Starting from scratch
Also a beef producer and agricultural advocate, Kayla Shallard of Hixon’s KMS Land and Cattle Co., looks towards continuous improvement on her ranch.
“Before this, I had managed some other agricultural entities – beef, dairy, you name it. And then started having kids, and it is hard to do that kind of stuff with kids,” Shallard says. “I took a plunge on 60 leased cows three years ago and was able to make it work. I jumped in with both feet and haven’t looked back.”
Today, Shallard manages the ranch full-time raising 200 head of cattle, pigs, lambs, chickens and turkeys.
“It’s pretty hard to make it on just cow-calf these days, so we’re pretty creative,” Shallard says. “We do a lot of direct-to-consumer [sales] and farmers markets to sell our products. Grass-fed and grass-finished pasture-raised meat is kind of our thing.”

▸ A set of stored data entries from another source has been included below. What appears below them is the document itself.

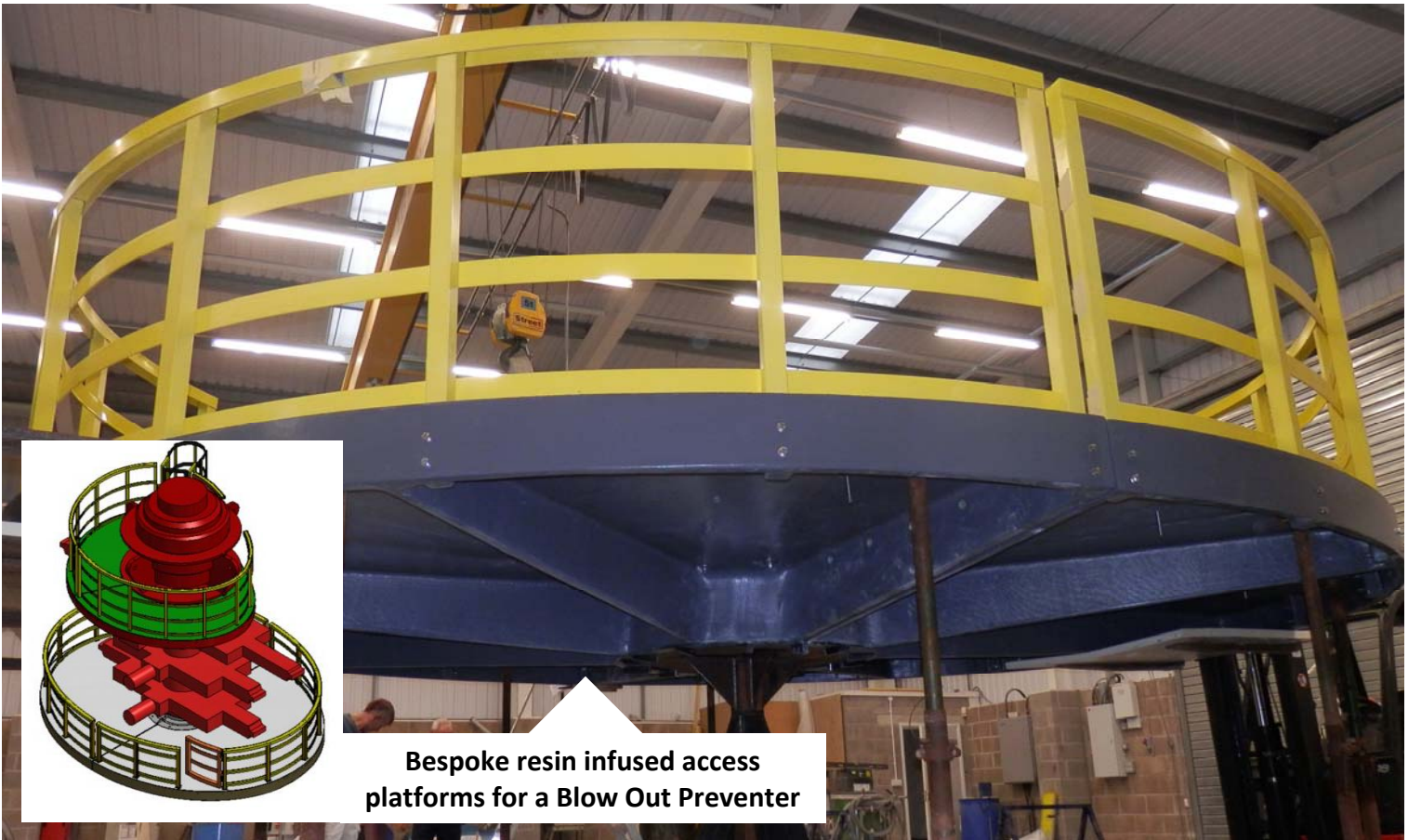
Bespoke resin infused access platforms for a Blow Out Preventer

The combination of our high quality materials and unique manufacturing capabilities attains a product of superior strength, durability and longevity, whilst also providing significant weight savings, typically 1/3rd compared to traditional materials.
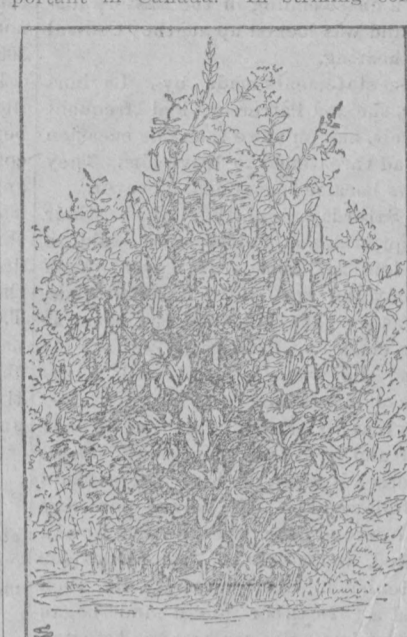
CANADIAN FIELD PEAS. Trust with the magnitude of the peas is its insignificance in our own country.

The term Canadian field peas, or, as it is more commonly expressed, "Canada field peas," is used with much latitude in this country. Ask a pea grower in the United States as to the variety of seed which he sowed and the almost invariable answer given is, "I sowed Canada peas."
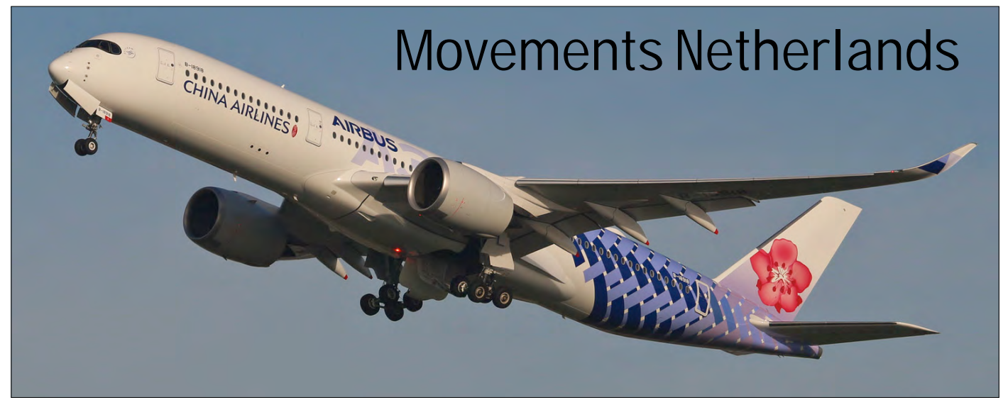
China Airlines' final A350-900 was rolled out in special 'Carbon Fibre-Airbus' colours in July 2018. The livery is a combination of China Airlines and Airbus carbon fiber colours. B-18918 arrived in Taiwan on 23 October 2018 on delivery to the airline. (Amsterdam - Schiphol, 14 November 2018)
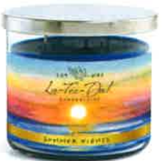
#06613 3-wick jar (14oz) $20.00
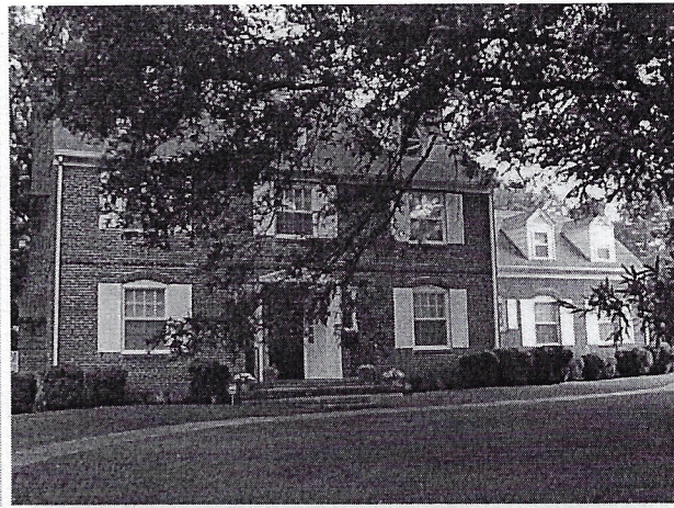
Main Structure Photo
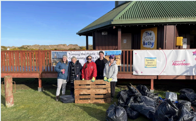
Beach Clean by EGCP - Turning the Plastic Tide, The Sand Bothy and volunteers
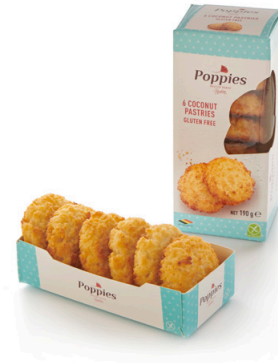
Belgian Coconut Macaroons 6 large soft coconut macaroons
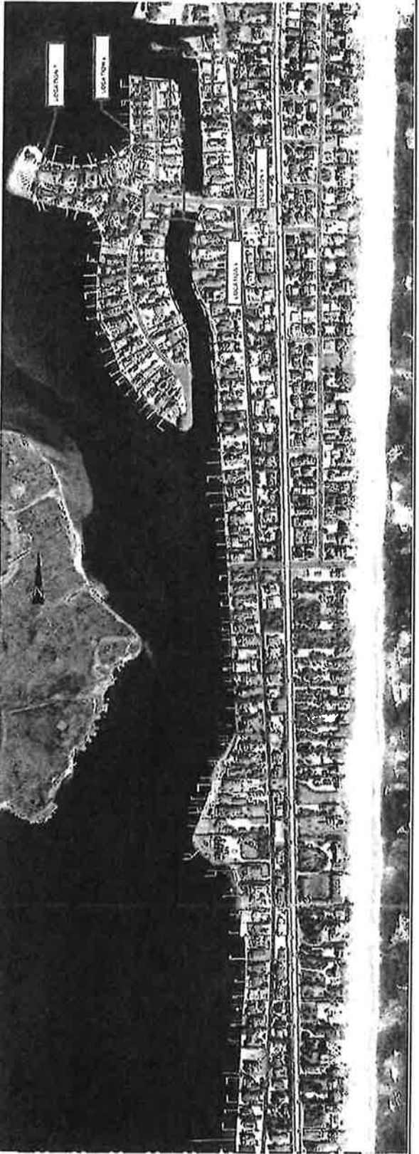
MATCHLINE A - A (SEE ABOVE)

DATE: 10/15/10 DRAWN BY: [illegible] CHECKED BY: [illegible] SCALE: [illegible]
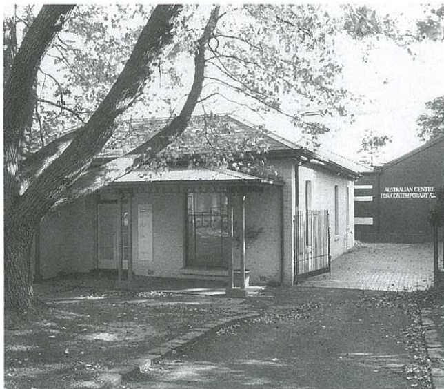
Australian Centre for Contemporary Art

Volunteers provide valuable support for our staff in the daily administration of the Centre and with special projects. If you would like to contribute your skills, and some of your time, why not join our team of volunteers who work closely with staff members. Please contact our Administrator for further information.
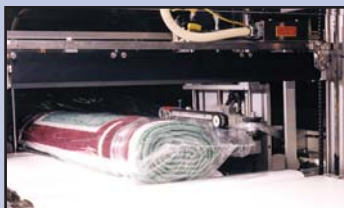
Wrapping Roll Goods-Trim Seal Unit
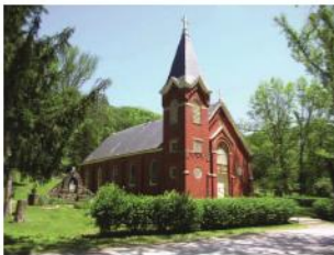
St Philomena 5236 Stonelick Williams Corner Rd Batavia, Ohio 45103
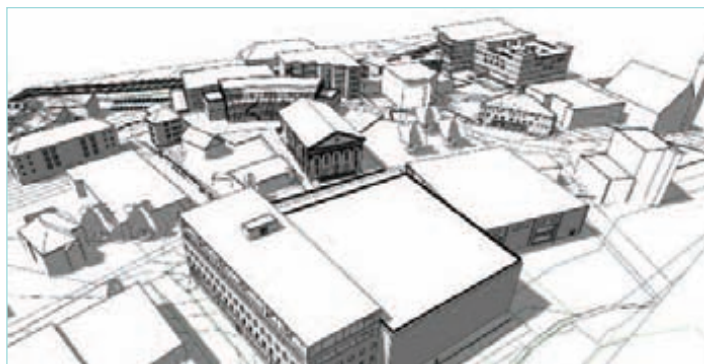
Architecture students envisioned a new downtown corridor.
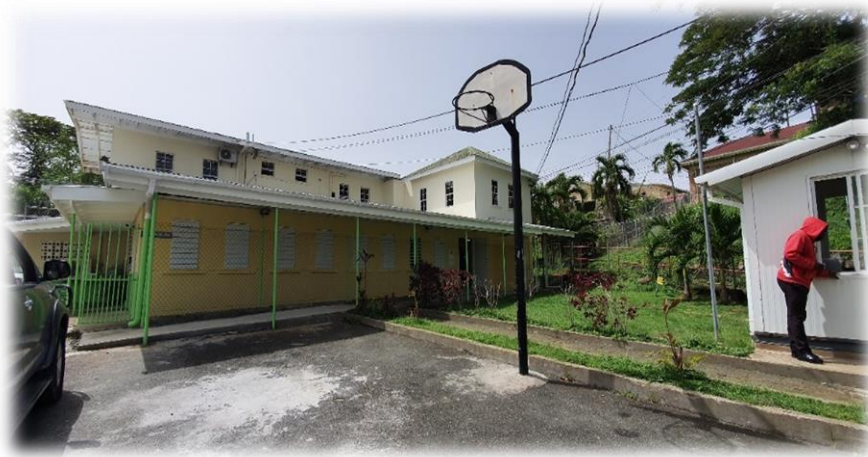
Figure 48: Infectious Disease Facility
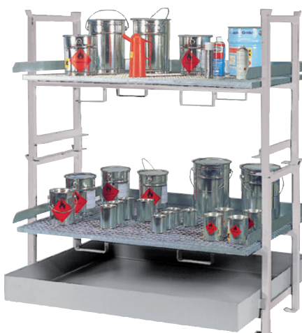
E2 with 2 x STR-G stacking racks
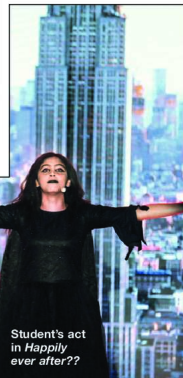
Student's act in Happily ever after??
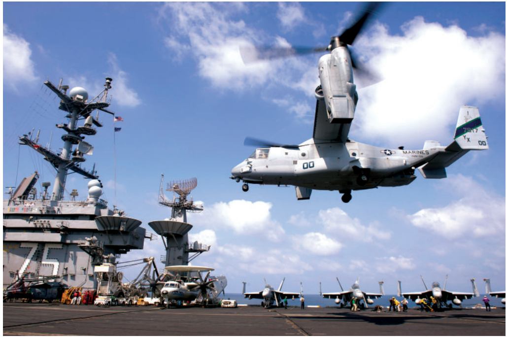
An MV-22 of VMM-166 lands on the USS Harry S. Truman (CVN 75) in October 2013. The US Navy now plans to purchase 44 Ospreys.

Keeping V-22s ready to fly has been such a stubborn problem for a number of reasons. One is the complexity of its design, which includes not only nacelles that move heavy engines and rotor assemblies, and all the wiring and tubing and fluids that go with them up and down, but also rotor blades that fold and a wing that swivels over the aircraft's back to fit below decks on an amphibious assault ship. Inaccurate estimates of how long parts would last have been another drag on readiness. Engineers simply failed to accurately anticipate the effects of flying the Osprey in sandy, dusty environments that rapidly wear out rotor blades and engines.
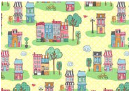
7311-Y 1 yd
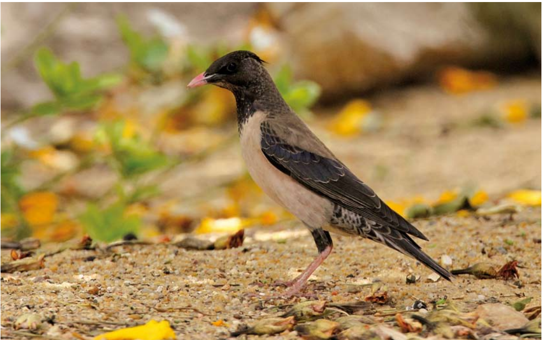
265 Rosy Starling / Roze Spreeuw Pastor roseus , second calendar-year male, El Gouna, Egypt, 7 May 2014
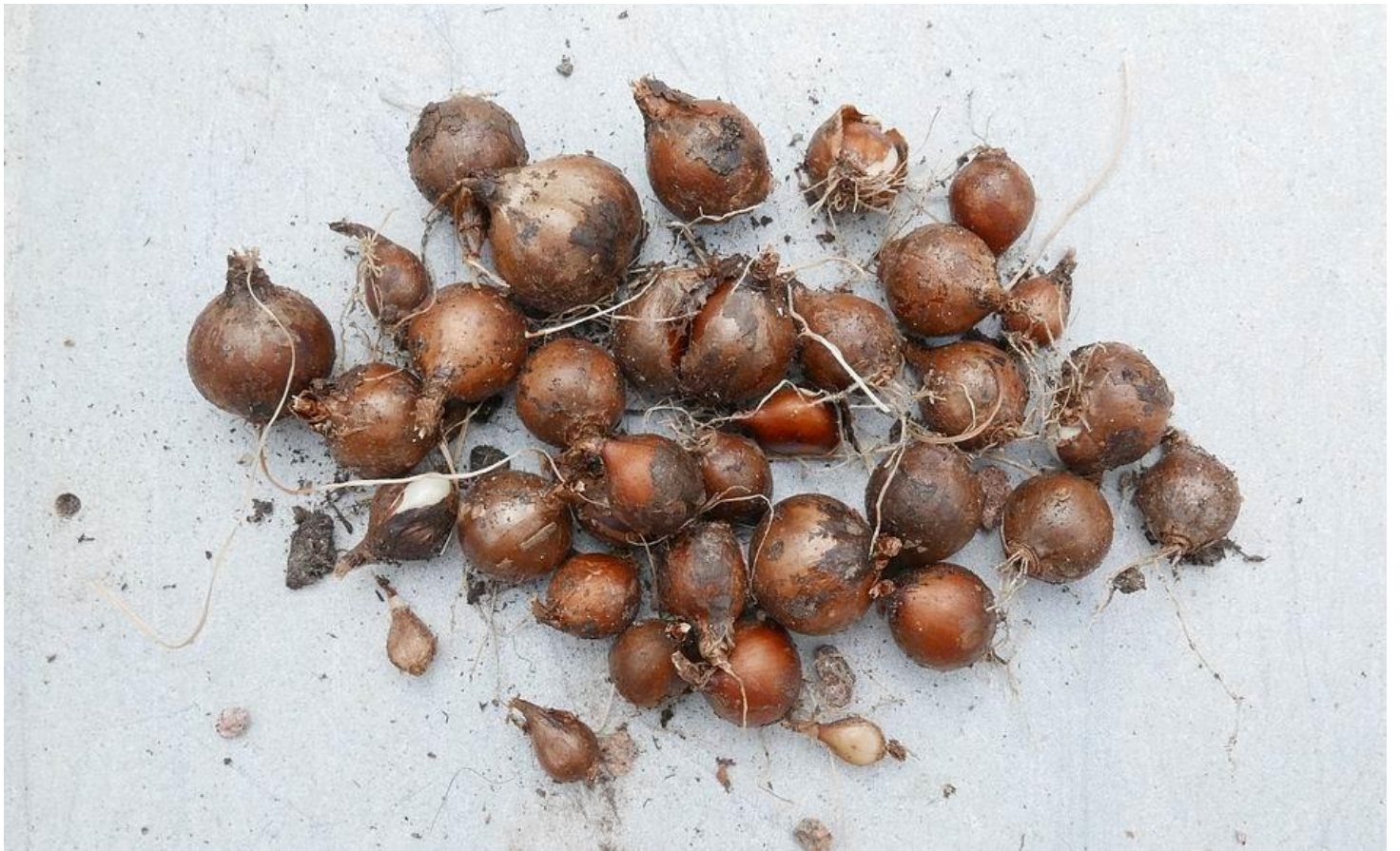
The same bulbs now tidied up , with the largest selected to be replanted immediately as shown below.
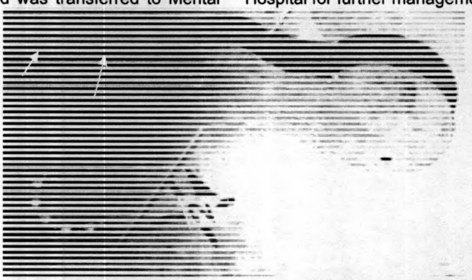
Fig. 2. The coconut scrapper: note the blade (white arrow), handle (yellow arrow) and the wooden base with blood stains, and the broken hair clip

suicidal thoughts and was transferred to Mental Hospital for further management.
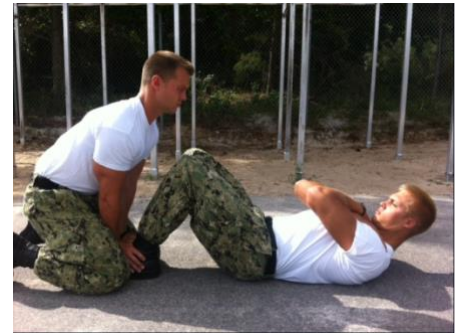
Figure 4: The "up" position of the curl-up. Notice that the elbows touch the thighs no more than 3 inches below the knees while the hands remain in contact with the shoulders or chest.

Figure 3: The "down" position of the curl-up. Notice the partner holding the member's feet. Any other means of securing the member's feet is not authorized. The candidate's buttocks and feet must remain flat on the ground throughout the curl-up
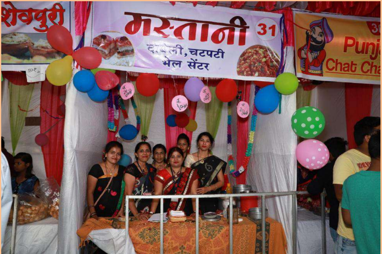
The Stall by the girl students in the trade fair organized by Vidya Bharati GEMS
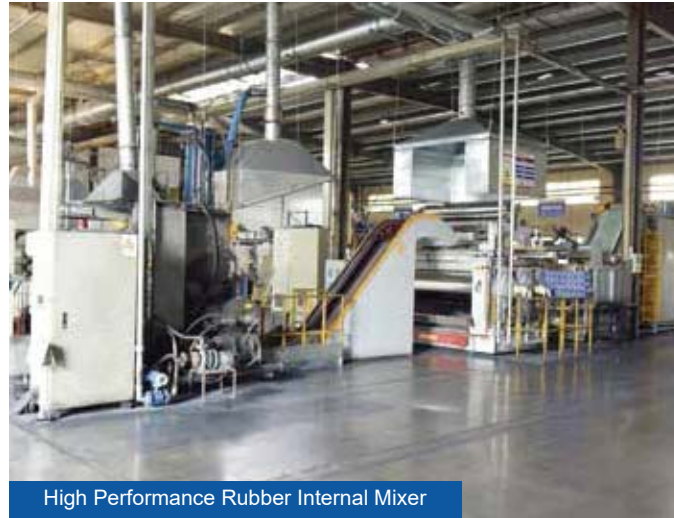
High Performance Rubber Internal Mixer
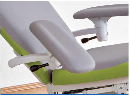
The armrest is swivelled to the side intuitively and simply with the aid of the lever, and can be lowered forwards for optimum positioning.

The colour of the therapy chair can be adapted to the furnishing of your ward thanks to the many different colours and the chic bi-colour design. In addition to the colour samples on the right, other colours are also available. Please contact us for the extensive colour chart.
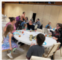
Havdallah Movie Night

If you would like to learn more about PJ Library visit pjlibrary.org . If you have any questions please email wrenyk@aol.com
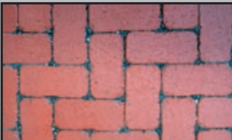
RAINPAVE (Clay) 4" x 8" x 2-3/4"
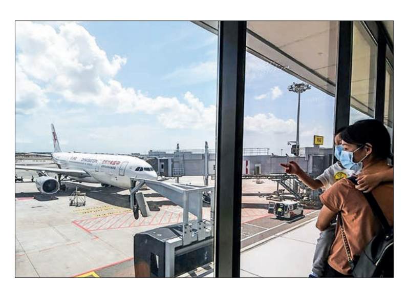
Passengers of a chartered flight wait for boarding at Singapore Changi Airport in Singapore, 5 February 2020.

According to a MOH statement issued here on Tuesday night, the patient is a 42-year-old male British national who works as a flight attendant and was in Singapore between 15-17 June and again on 19 June as he flew in and out of Singapore. He was tested positive for monkeypox on 20 June.— Kyodo /Xinhua

Shallard was introduced to agriculture through the Prince George 4-H club in which she was a member for nine years and a leader the last five.
Indeed, creativity is one way Shallard has been able to grow her operation. As a young first-generation rancher, land and capital are hard to come by. So, she has leased land from Prince George to Quesnel, leased cattle, participated in hay shares and worked with Young Agrarians.
“That kind of generated a little bit of enough cash flow to actually present something to Farm Credit [Canada],” Shallard says. “Lots and lots of hustling for lack of better terminology. We’re full, full, full-tilt every day.”
As a previous Cattle Young Leaders program semi-finalist, Shallard is eager to build on the skill set she’s acquired in the five years since last applying. Between then and now, she’s been involved with the Prince George Cattlemen’s Association and BC Young Farmers, raised three boys and established her ranch.
“I’m pretty excited to get back at it because my career has definitely blossomed in those five years. And I even remember, last time I was in that position, you know, people always ask you like, where do you see yourself in five years?” Shallard says. “This is definitely not it.”
Shallard imagined herself managing someone else’s farm or some sort of office job in agriculture.
“But not running my own farm, not owning my own farm and farming every day. It’s definitely been an uphill battle but it’s been good,” Shallard says.
She looks forward to the beef conference this month because she says industry meetings “restart the fire.”
Without an engaged younger generation, she says there won’t be anyone to fill the gaps left behind by those aging out of the industry.
If selected, Shallard would like to be paired with a mentor who has also started a ranch from the ground up and can offer some of their insights.
“I find I go through everything kind of on my own and you fail and at times it sucks,” Shallard says, hoping to be paired with someone whose faced similar challenges as she is.
Part of the solution
Brett Squair of Lumby has also identified some challenges that the beef sector faces and wants to be a part of the solution.
The third-generation farmer, along with his dad and a hired hand, runs about 500 head of cattle. As a partner at Davidson Lawyers in Vernon, he and his siblings are “weekend warriors,” helping on the ranch whenever they can while also pursuing off-farm careers.
“Calving season is my favourite time of year. I’m a night owl and an early bird,” Squair says. “So I actually love being up at all times and working with the cattle.”
As a practicing lawyer for the last seven years, Squair has noticed that the beef sector and agriculture industry in general lack sufficient succession planning. It’s something he’d like to address if named as a finalist.
“I find that lot of the industry is sort of with an older group of people. And they’re not really putting much thought into succession planning or thinking about how to effectively transfer their properties, my own family included to a certain extent,” Squair says. “And so, my goal for the program … [is] being appointed with a mentor who focuses sort of on working with agricultural groups with their succession planning.”